Written by Parijat Sengupta | Sep 30, 2025 9:52:41 AM

Poor data quality isn’t just an inconvenience— it stalls AI and analytics initiatives, erodes trust, increases compliance risk, and leads to bad decisions. Gartner estimates bad data costs organizations roughly $15 million per year on average.

The strategic impact is clear: it affects profitability and competitiveness. Data-driven organizations acquire customers faster, compounding that advantage over time, so the real question is: how do you put the right guardrails in place to make data work for the business?
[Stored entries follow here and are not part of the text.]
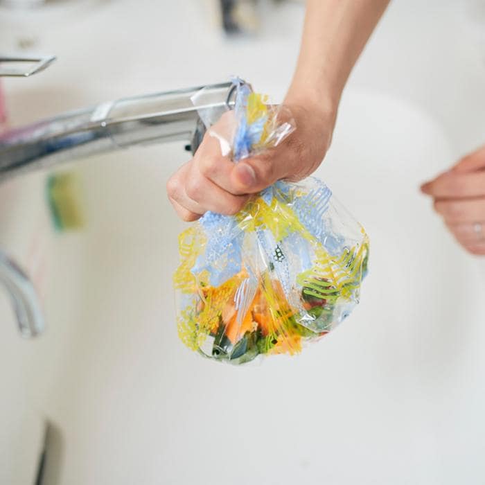 シンク内シートを敷いていれば、料理のときに出る野菜の皮や切れ端などをシンクにそのまま捨てて、
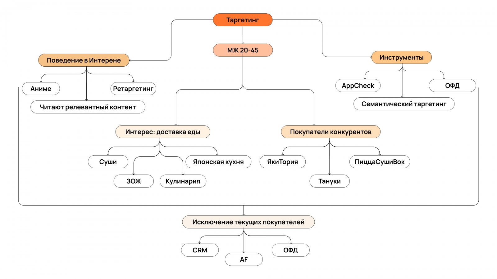 Профиль пользователя строился на сочетании интересов, поведения, геолокации и установленных приложений. Исключались пользователи, ранее уже совершавшие покупки.
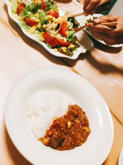 カレーとサラダというシンプルな献立でも家族は喜びます
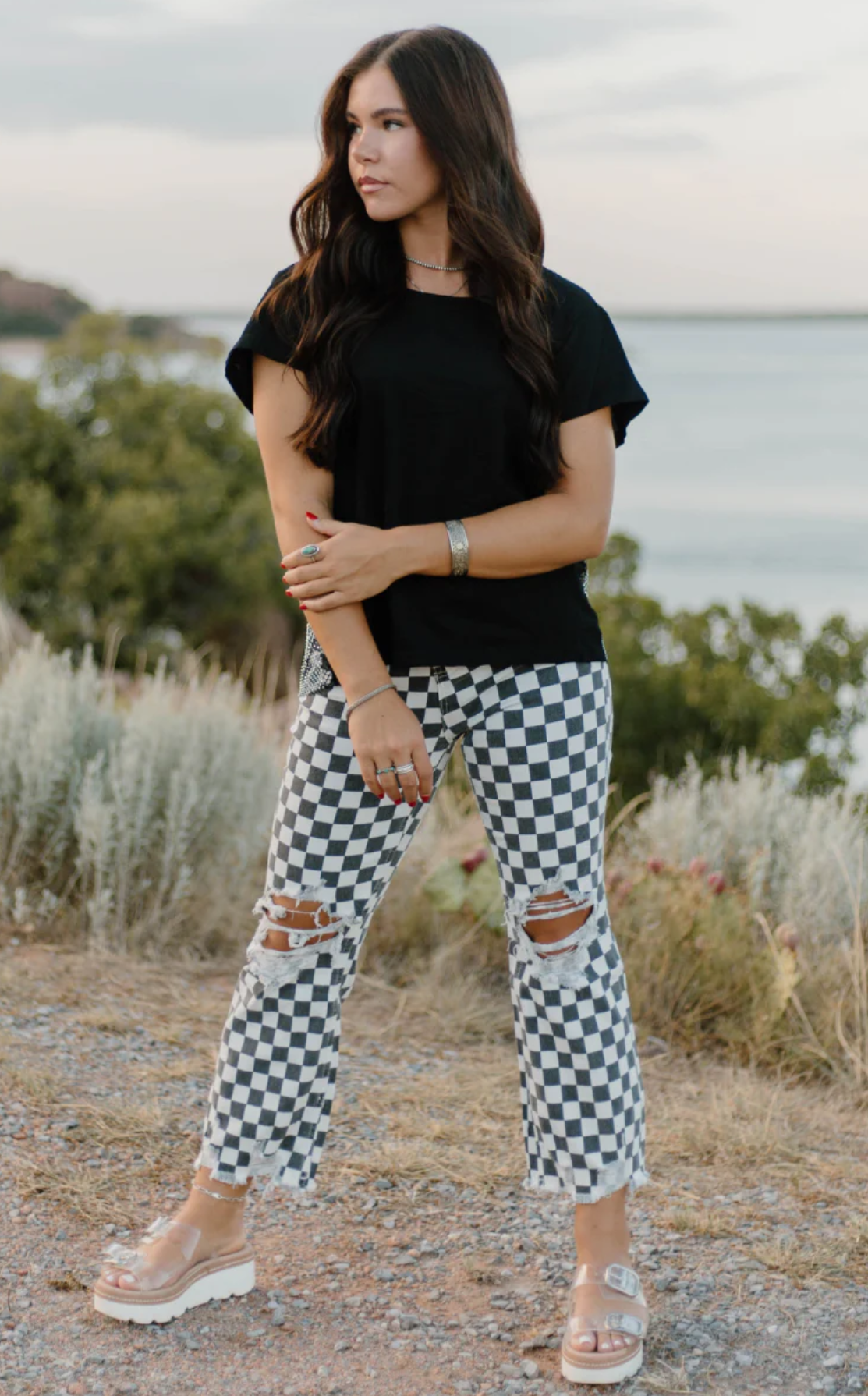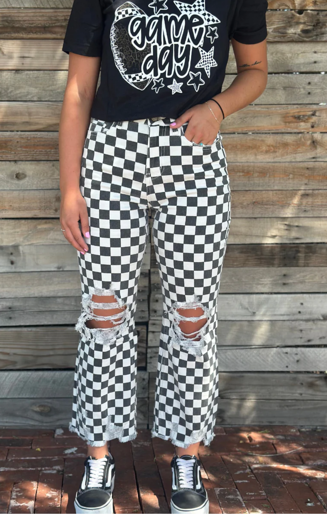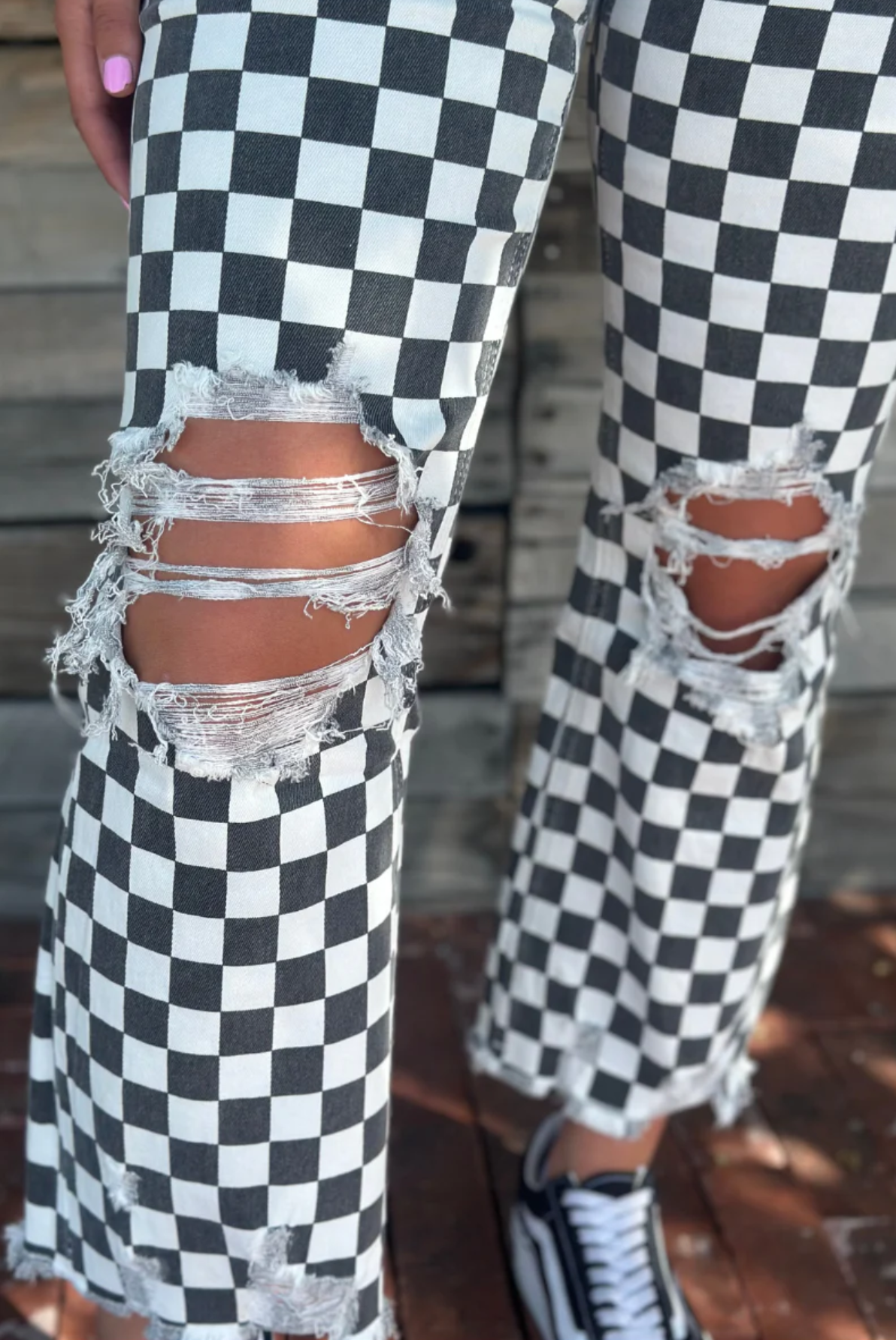 Stand out effortlessly with the Round The Track Jeans, featuring a distinctive faded black and white checkered pattern and stylish distressed holes at the knees. Designed to combine bold fashion with comfort, these jeans are the perfect choice to upgrade your wardrobe and showcase your confident, trend-savvy side.

To answer that, we spoke with ProArch’s data experts, who have led governance initiatives across industries. They shared why governance often fails, the business risks of poor data, and the practical steps to make governance stick.

TL:DR Keep Your Data Governance Program on Track

Why programs fail:

  • Technology-first → Buying tools before defining process and ownership
  • Lack of executive commitment → No sponsorship, no momentum
  • Boil-the-ocean syndrome → Enterprise rollouts with no quick wins

How to get it right:

  • Spot where poor data quality is draining time, trust, and money.
  • Start with people—get buy-in and define ownership.
  • Build simple practices first, add tools later.
  • Create a governance framework that balances compliance, speed, and flexibility.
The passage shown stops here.